Records from a data source
----------------

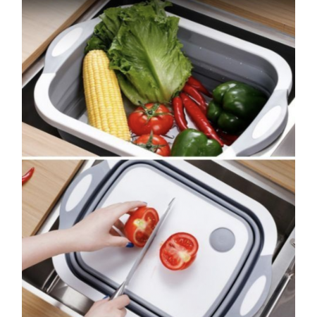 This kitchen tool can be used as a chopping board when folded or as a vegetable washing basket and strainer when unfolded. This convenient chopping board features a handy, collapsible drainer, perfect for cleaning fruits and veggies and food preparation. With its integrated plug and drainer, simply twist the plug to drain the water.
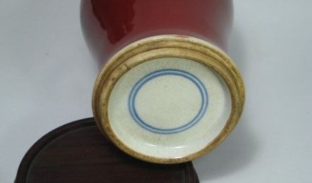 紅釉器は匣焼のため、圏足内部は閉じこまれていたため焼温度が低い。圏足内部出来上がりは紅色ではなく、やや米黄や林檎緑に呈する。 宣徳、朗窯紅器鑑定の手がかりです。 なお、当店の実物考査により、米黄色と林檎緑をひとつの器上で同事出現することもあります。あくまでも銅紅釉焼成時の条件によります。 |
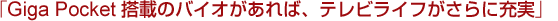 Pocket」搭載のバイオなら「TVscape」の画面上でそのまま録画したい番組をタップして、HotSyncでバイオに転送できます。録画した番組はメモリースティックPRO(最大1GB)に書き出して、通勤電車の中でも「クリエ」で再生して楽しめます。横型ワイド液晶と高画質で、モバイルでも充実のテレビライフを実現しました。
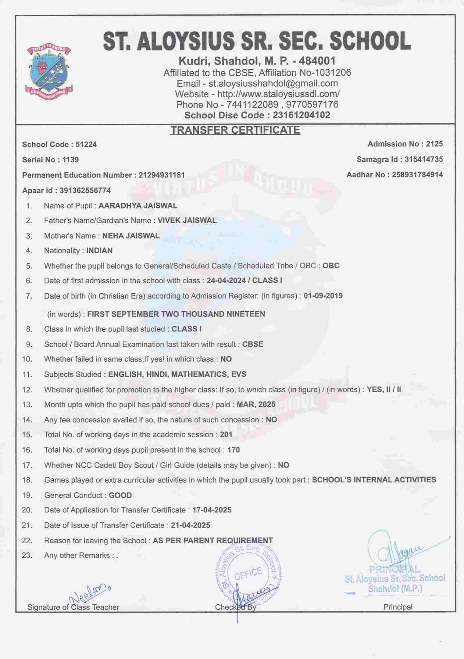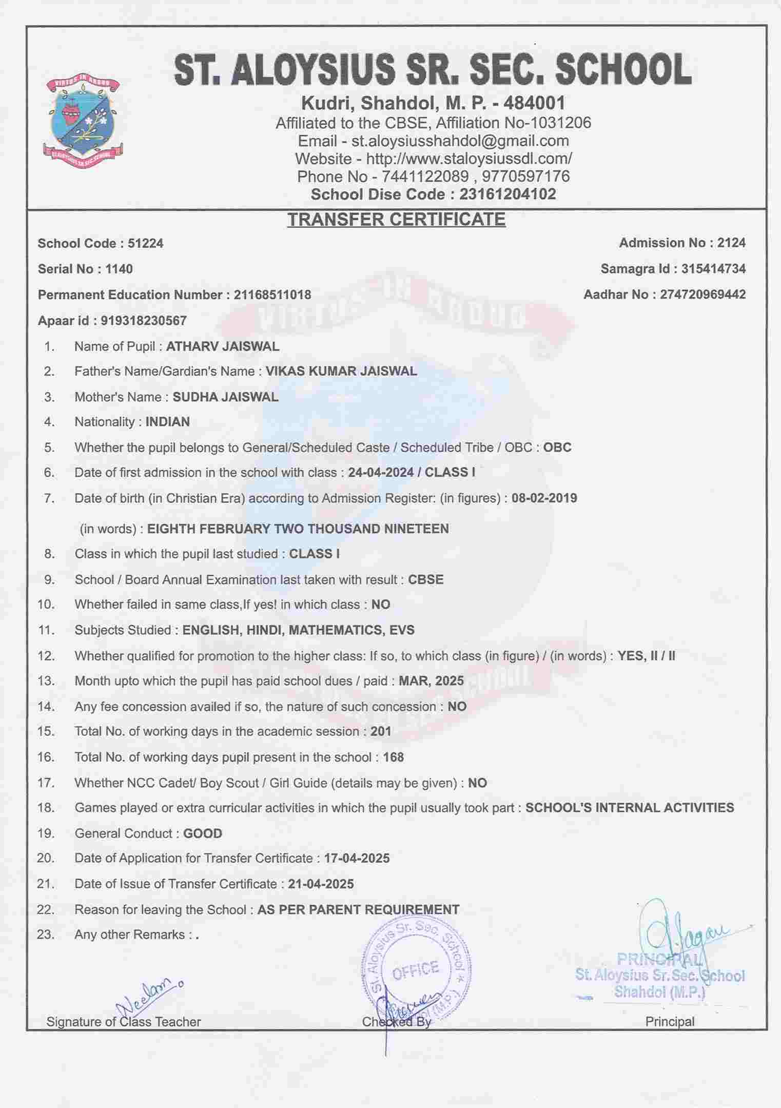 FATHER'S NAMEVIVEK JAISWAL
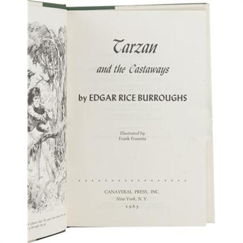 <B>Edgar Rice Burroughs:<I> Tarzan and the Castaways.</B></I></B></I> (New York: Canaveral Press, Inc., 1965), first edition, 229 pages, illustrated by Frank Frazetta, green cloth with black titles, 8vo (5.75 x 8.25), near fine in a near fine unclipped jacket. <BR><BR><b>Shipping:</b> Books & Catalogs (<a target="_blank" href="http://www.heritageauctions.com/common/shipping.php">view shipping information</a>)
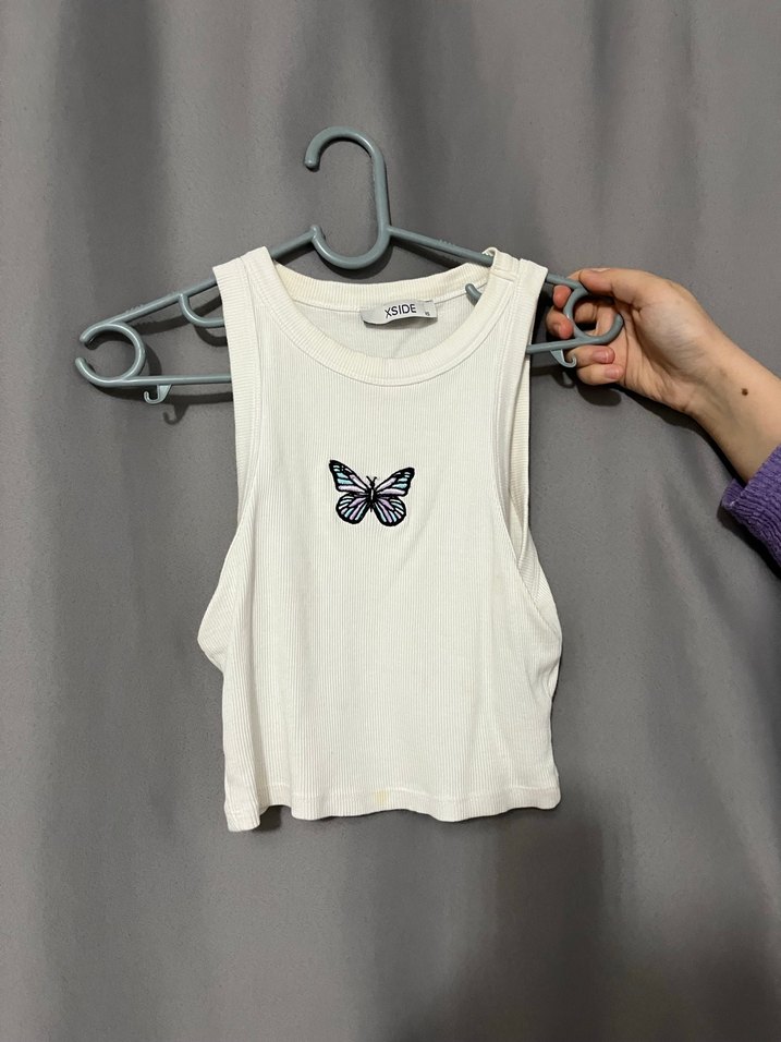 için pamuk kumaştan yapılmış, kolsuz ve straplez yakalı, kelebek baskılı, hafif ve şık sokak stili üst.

----------------

Begin at the line that contains "<B>Edgar Rice Burroughs:<I>" and transcribe exactly, and only, each line through the final line of the data above, both included; the pictures do not go in.

Your solution =
 <B>Edgar Rice Burroughs:<I> Tarzan and the Castaways.</B></I></B></I> (New York: Canaveral Press, Inc., 1965), first edition, 229 pages, illustrated by Frank Frazetta, green cloth with black titles, 8vo (5.75 x 8.25), near fine in a near fine unclipped jacket. <BR><BR><b>Shipping:</b> Books & Catalogs (<a target="_blank" href="http://www.heritageauctions.com/common/shipping.php">view shipping information</a>)
 için pamuk kumaştan yapılmış, kolsuz ve straplez yakalı, kelebek baskılı, hafif ve şık sokak stili üst.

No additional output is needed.